Partiamo dal presupposto che preferisco lavorare con artisti “difficili”, che abbiano le idee chiare su quello che vogliono e che scelgono me perché consapevoli di avere una proposta in linea con i loro gusti, quindi tutti gli artisti con i quali ho lavorato sono “difficili” e ne sono felice. 

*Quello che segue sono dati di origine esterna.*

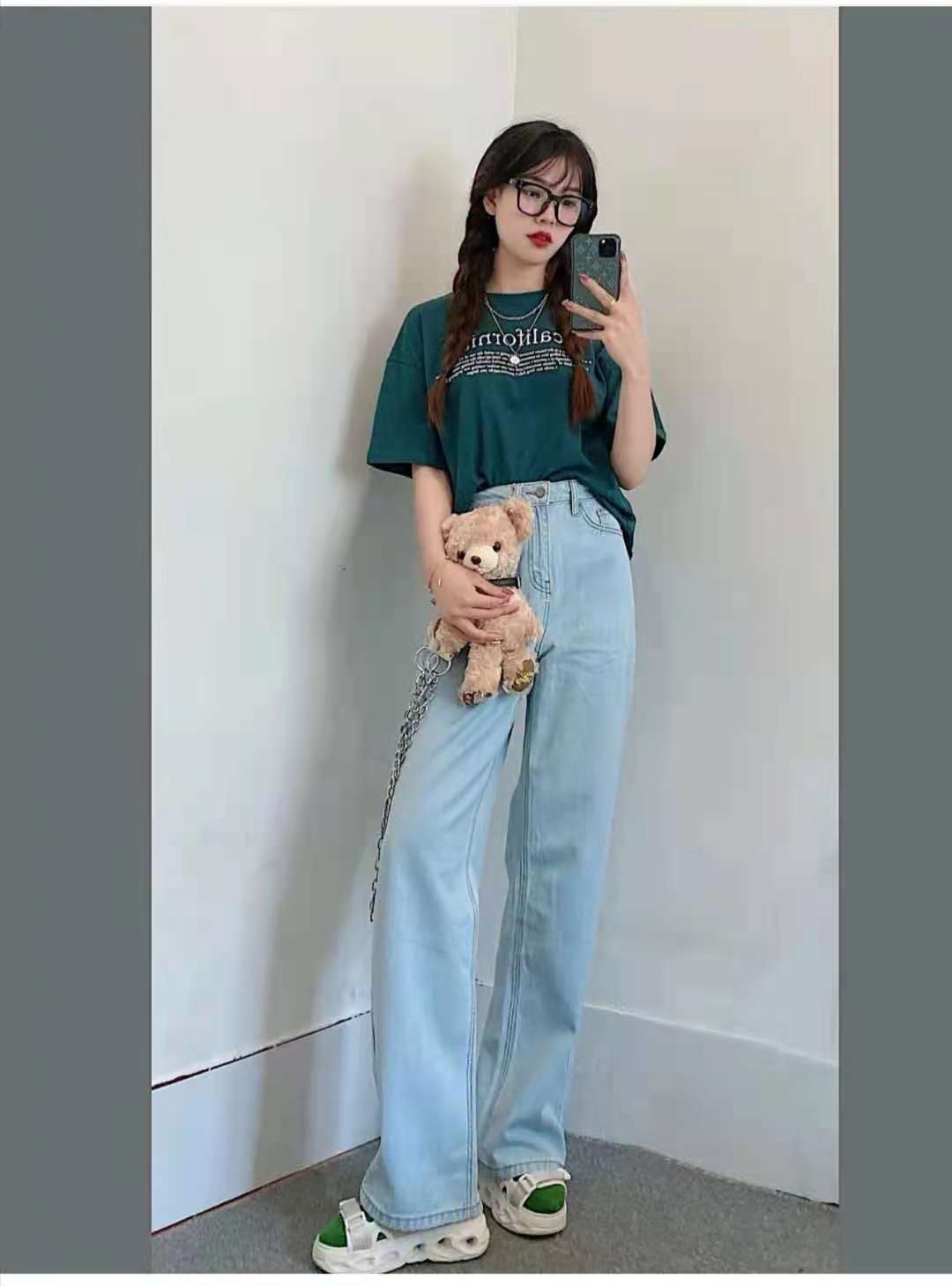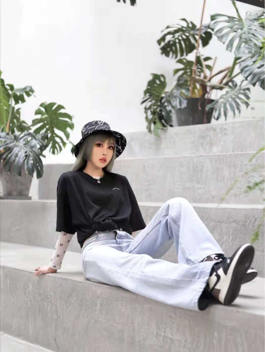 Jeans and T-shirt outfit: This outfit is the simplest T-shirt and jeans, classic, good-looking and not unattractive. The foam words on the T-shirt are the highlight. The black is basic and versatile, and there is also a light blue straight leg. Jeans are so straight-legged, the color is beautiful, the shape of the pants is amazing, and the price is not high, which is great value for money!

Da qualche anno si assiste alla rinascita del cinema italiano di qualità, penso a “Perfetti sconosciuti” oppure “Lo chiamavano Jeeg robot”: qual è la sua opinione a riguardo? Hai mai pensato di realizzare un lungometraggio? 
Ha citato due ottimi film, io purtroppo rimango sempre legato a un'idea diversa di cinema per gusto personale che difficilmente riesco a riscontrare negli autori italiani, un esempio è un film bellissimo visto da poco di David Lowery, “A Ghost Story”, ma anche i film del sopra citato Lanthimos come “Dogtooth”, di sicuro se mai arriverò a fare un lungometraggio il risultato sarà più simile a uno di questi autori, al momento il tempo che ho da dedicare a un progetto così importante è davvero poco, ma sono cose che avvengono in modo del tutto naturale quindi se mai ci sarà occasione lo capirò. 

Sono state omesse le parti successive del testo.